▶ [WORK INSTRUCTION]: Give the lines again exactly as they appear below, from the line with "前を閉じれば端正なワンピース" to the line with "De eerste, het", both included, and only those lines. Leave every picture out.
(DATA FOR ANALYSIS)
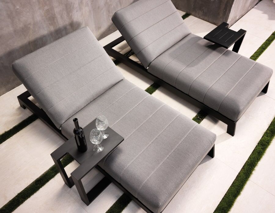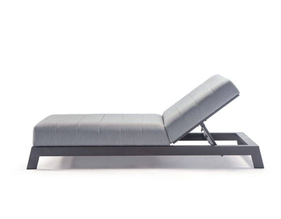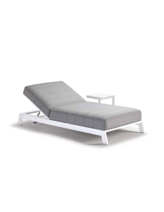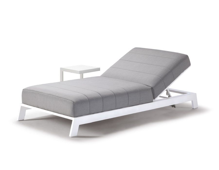 Dvobojni aluminijski okvir, bijeli i antracit. Brzo suha pjenasta poliuretanska podloga za odvodnju pjene ispunjena Sunbrella krpom. Ležaljka je pogodna za unutarnju i vanjsku upotrebu. Minimum, koji postaje najveći komfor: jastuk od poliuretanske pjene pričvršćen je na aluminijski okvir. Jastuk je podstavljen i podijeljen na dva odvojena komada, međusobno spojena patentnim zatvaračem i jakim šavom izrađenim od Sunbrella tkanine.
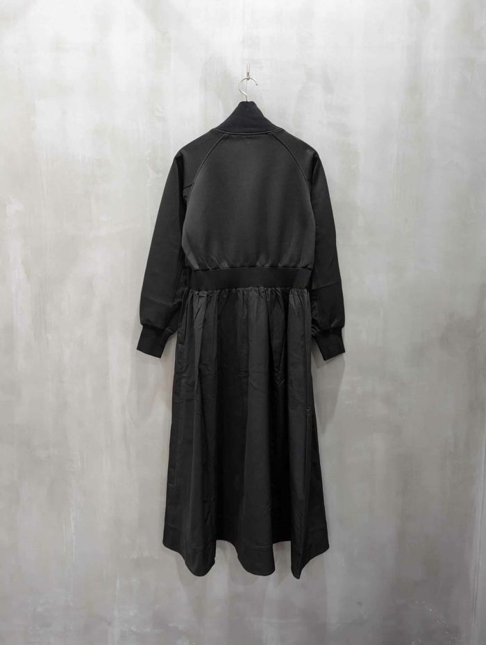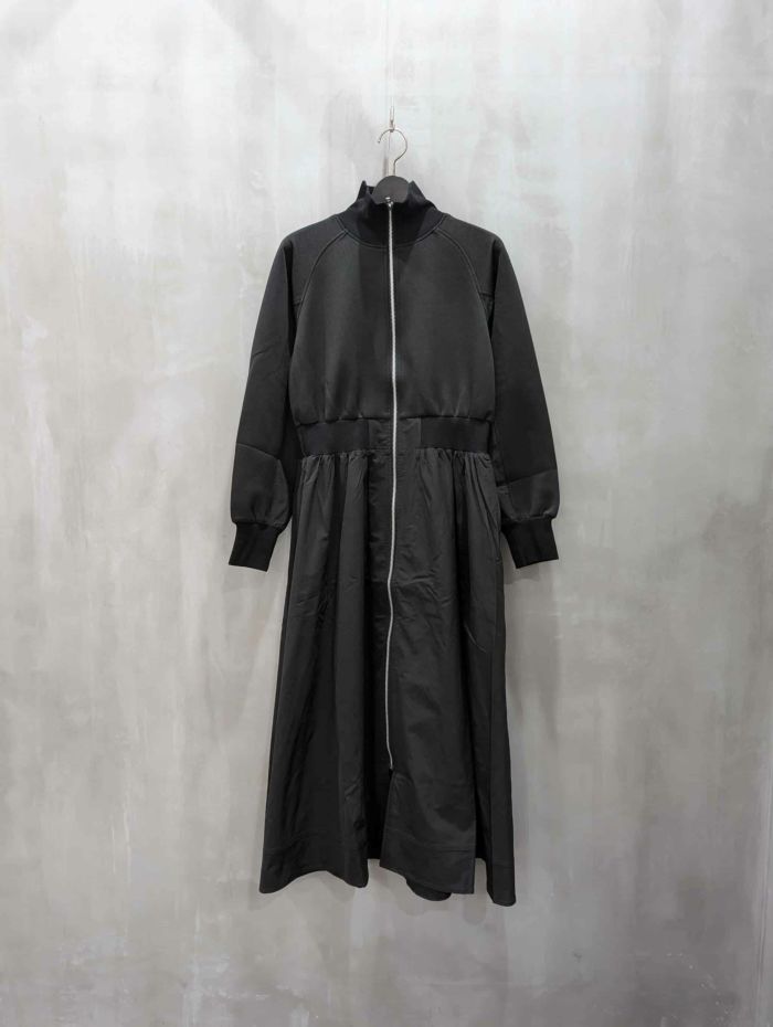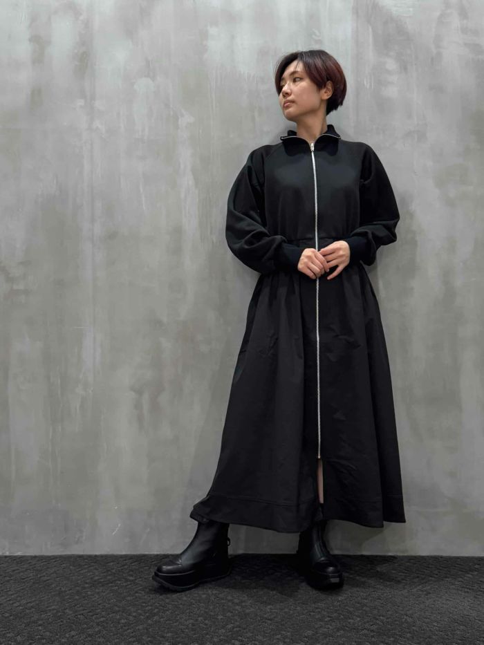 前を閉じれば端正なワンピースに、ジップを開ければ軽やかなロングアウターとして、シーンに合わせて自在に表情を変える一枚です。
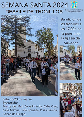 De eerste, het zogeheten Desfile de Tronillos, vindt plaats op zaterdag 23 maart. Deze vertrekt rond de klok van 17.00 uur bij de El Salvador-kerk op het Balcón de Europa. De route: Puerta del Mar, Calle Pintada, Calle La Cruz, Calle Ánimas, Calle Granada, Plaza Cavana en het Balcón de Europa.
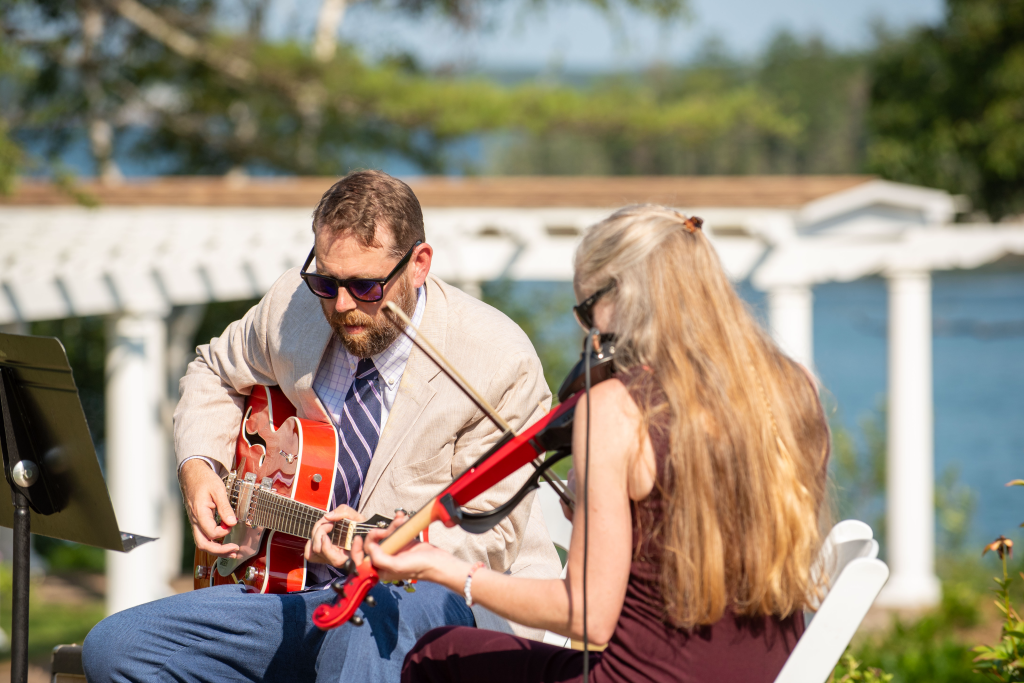 • But there’s more! Our frontman, Sam Pfeifle, is a licensed officiant in Maine and New Hampshire, and he and Heather Kahill, our fiddle player and second violin in the Bangor Symphony Orchestra, have put together a duo solution — hollow-body electric and electric violin — that makes for an elegant and captivating processional and recessional solution. This is what you want to walk down the aisle to! Once you’re at the front, Sam is a practiced officiant who will work with you to make sure the ceremony is well-planned, memorable, and meaningful for everyone involved. Let’s talk!
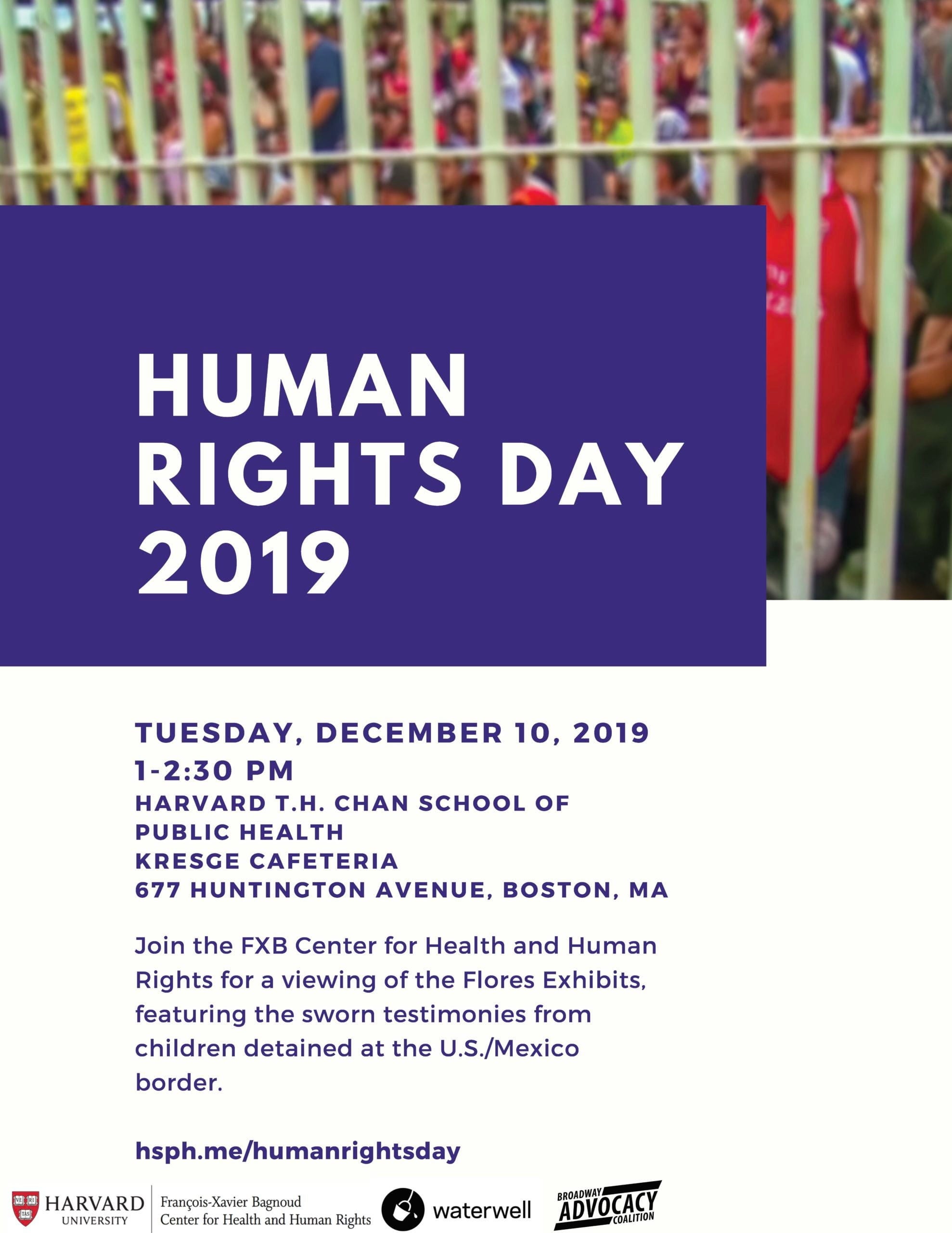 In recognition of Human Rights Day, please join the FXB Center for Health and Human Rights for a special viewing of The Flores Exhibits, a project created by Waterwell and Broadway Advocacy Coalition. In this series of short videos, artists, organizers, lawyers and immigrants read sworn testimonies of children detained at the U.S. / Mexico Border in June 2019.
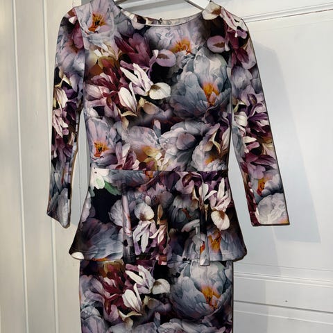Nydelig kjole med vakre farger og med sydd på Blazer. Gir en veldig elegant look. Perfekt hvis du bruker belte også. Som helt!
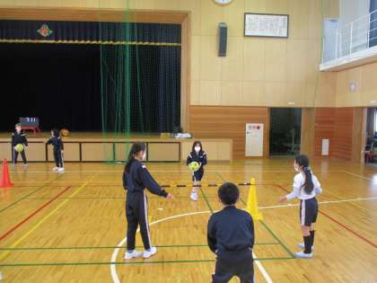 体育の学習でプレルボールを行っています。チームでボールを打ってつなぎ、相手コートに3回で返すことができるよう、練習を行っています。始めは動いているボールを正確に打つことがとても難しかったようですが、チームで練習を重ね、少しずつ慣れてきている様子が見られます。
(End DATA FOR ANALYSIS)
▶ [RESULT]:
 前を閉じれば端正なワンピースに、ジップを開ければ軽やかなロングアウターとして、シーンに合わせて自在に表情を変える一枚です。
 De eerste, het zogeheten Desfile de Tronillos, vindt plaats op zaterdag 23 maart. Deze vertrekt rond de klok van 17.00 uur bij de El Salvador-kerk op het Balcón de Europa. De route: Puerta del Mar, Calle Pintada, Calle La Cruz, Calle Ánimas, Calle Granada, Plaza Cavana en het Balcón de Europa.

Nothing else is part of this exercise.